DESCRIPTION OF THE TASK -
When you reach the line with "theater PC (HTPC)." in the listing below, transcribe it and each line after it up to and including the line with "The top boasts", exactly and with nothing else.

INFORMATION -

_ _ _ _ _ _ _

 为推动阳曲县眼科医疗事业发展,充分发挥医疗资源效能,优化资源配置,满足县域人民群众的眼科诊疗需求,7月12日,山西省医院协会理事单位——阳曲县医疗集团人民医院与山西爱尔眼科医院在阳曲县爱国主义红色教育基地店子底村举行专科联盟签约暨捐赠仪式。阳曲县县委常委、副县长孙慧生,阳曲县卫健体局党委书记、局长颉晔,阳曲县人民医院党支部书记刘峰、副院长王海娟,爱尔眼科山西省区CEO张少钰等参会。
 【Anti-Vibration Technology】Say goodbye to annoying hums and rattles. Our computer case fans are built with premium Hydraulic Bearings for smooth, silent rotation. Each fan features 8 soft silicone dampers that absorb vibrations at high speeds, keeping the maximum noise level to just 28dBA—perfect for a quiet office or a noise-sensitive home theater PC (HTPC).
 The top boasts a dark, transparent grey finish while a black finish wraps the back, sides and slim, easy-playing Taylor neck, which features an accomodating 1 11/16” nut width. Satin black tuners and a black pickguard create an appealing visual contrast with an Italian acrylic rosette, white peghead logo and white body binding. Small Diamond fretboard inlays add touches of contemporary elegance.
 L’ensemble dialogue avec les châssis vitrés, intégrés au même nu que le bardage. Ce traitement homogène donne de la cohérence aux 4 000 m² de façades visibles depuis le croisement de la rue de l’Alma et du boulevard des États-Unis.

_ _ _ _ _ _ _

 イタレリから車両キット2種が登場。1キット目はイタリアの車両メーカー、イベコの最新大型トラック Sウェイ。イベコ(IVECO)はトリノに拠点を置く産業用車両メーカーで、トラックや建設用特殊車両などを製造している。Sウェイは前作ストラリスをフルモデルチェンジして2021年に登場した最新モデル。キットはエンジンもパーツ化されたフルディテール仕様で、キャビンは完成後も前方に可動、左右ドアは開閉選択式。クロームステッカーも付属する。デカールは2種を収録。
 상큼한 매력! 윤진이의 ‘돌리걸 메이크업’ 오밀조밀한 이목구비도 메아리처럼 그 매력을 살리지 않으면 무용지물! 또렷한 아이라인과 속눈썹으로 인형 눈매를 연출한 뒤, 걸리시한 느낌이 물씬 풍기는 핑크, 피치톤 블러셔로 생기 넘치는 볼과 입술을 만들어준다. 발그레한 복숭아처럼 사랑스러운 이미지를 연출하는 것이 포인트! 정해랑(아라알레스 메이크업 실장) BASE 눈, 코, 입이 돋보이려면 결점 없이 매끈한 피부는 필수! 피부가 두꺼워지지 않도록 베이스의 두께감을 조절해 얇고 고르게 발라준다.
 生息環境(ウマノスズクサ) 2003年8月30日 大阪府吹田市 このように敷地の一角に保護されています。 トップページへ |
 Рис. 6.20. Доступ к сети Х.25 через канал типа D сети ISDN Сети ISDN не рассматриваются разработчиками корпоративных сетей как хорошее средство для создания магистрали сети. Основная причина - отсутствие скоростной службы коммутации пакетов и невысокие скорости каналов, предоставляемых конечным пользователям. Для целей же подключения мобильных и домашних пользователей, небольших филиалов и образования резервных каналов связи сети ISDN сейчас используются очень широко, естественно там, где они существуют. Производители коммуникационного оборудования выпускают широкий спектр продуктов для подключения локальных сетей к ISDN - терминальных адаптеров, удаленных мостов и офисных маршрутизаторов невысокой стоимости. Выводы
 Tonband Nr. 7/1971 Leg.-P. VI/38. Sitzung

_ _ _ _ _ _ _

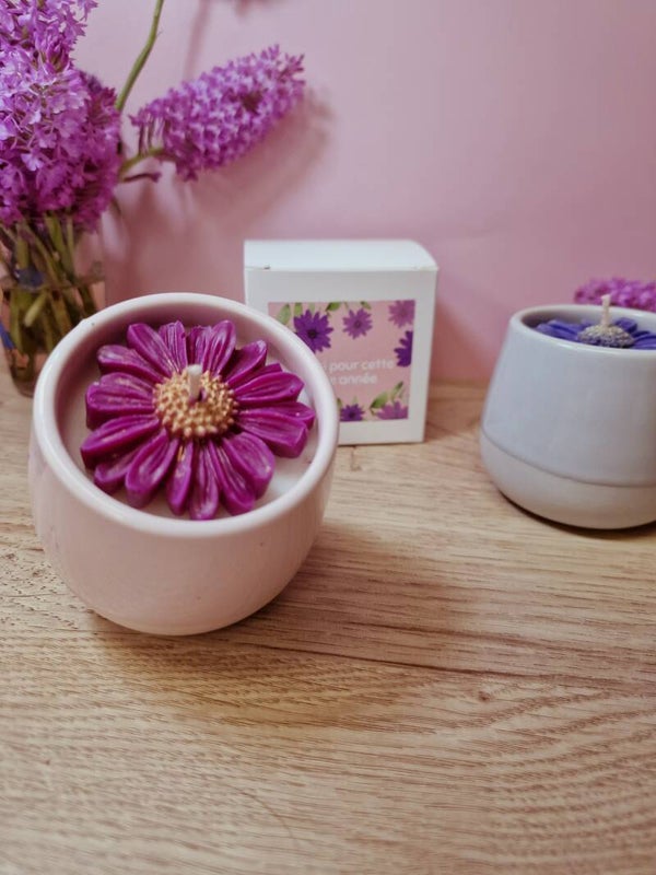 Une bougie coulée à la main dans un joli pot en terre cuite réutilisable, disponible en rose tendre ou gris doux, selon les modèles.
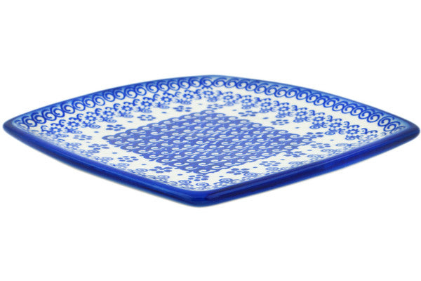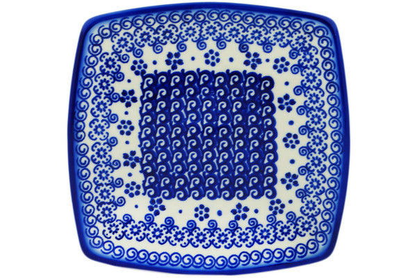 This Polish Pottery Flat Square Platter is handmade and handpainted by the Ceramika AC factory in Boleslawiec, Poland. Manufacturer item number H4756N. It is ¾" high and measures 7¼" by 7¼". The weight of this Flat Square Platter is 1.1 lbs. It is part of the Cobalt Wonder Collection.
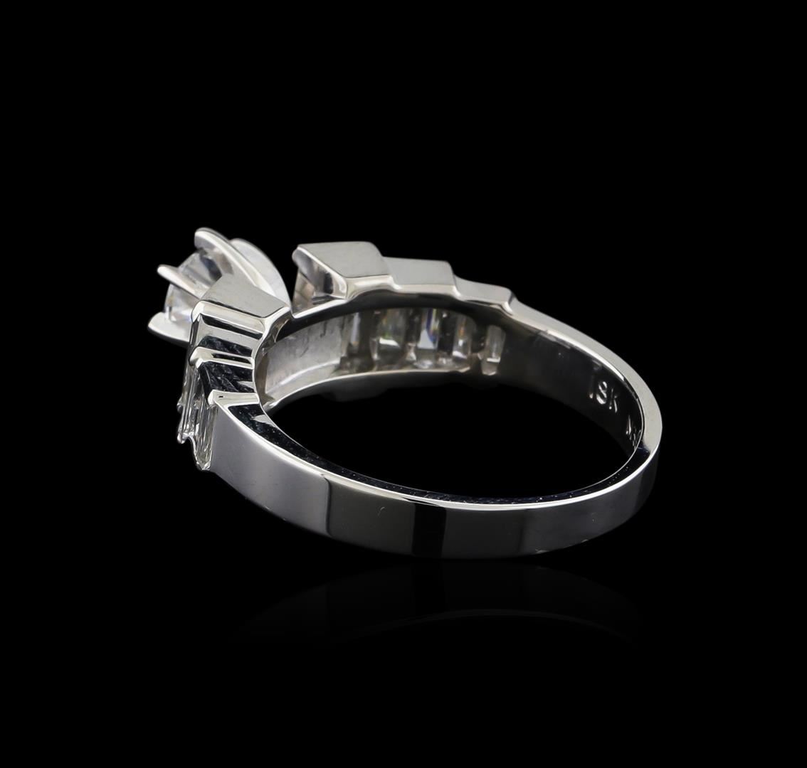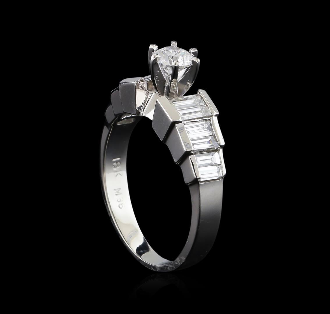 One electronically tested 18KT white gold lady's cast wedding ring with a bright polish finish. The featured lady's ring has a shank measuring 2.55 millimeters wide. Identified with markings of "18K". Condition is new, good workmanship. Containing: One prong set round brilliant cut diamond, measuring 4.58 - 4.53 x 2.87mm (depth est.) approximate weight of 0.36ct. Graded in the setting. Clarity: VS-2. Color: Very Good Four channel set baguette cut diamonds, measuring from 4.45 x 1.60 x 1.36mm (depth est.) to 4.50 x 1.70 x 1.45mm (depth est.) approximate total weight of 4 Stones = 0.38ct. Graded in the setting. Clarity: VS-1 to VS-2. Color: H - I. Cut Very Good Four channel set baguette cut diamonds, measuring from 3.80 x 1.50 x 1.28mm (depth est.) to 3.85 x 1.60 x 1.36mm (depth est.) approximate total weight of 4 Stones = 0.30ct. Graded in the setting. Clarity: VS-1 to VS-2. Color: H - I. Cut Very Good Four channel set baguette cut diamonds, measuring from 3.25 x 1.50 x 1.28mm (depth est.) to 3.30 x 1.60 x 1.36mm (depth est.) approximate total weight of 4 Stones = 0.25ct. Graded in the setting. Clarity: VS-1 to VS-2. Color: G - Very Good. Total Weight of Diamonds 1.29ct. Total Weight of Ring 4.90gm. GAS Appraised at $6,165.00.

_ _ _ _ _ _ _

RESULT -
 【Anti-Vibration Technology】Say goodbye to annoying hums and rattles. Our computer case fans are built with premium Hydraulic Bearings for smooth, silent rotation. Each fan features 8 soft silicone dampers that absorb vibrations at high speeds, keeping the maximum noise level to just 28dBA—perfect for a quiet office or a noise-sensitive home theater PC (HTPC).
 The top boasts a dark, transparent grey finish while a black finish wraps the back, sides and slim, easy-playing Taylor neck, which features an accomodating 1 11/16” nut width. Satin black tuners and a black pickguard create an appealing visual contrast with an Italian acrylic rosette, white peghead logo and white body binding. Small Diamond fretboard inlays add touches of contemporary elegance.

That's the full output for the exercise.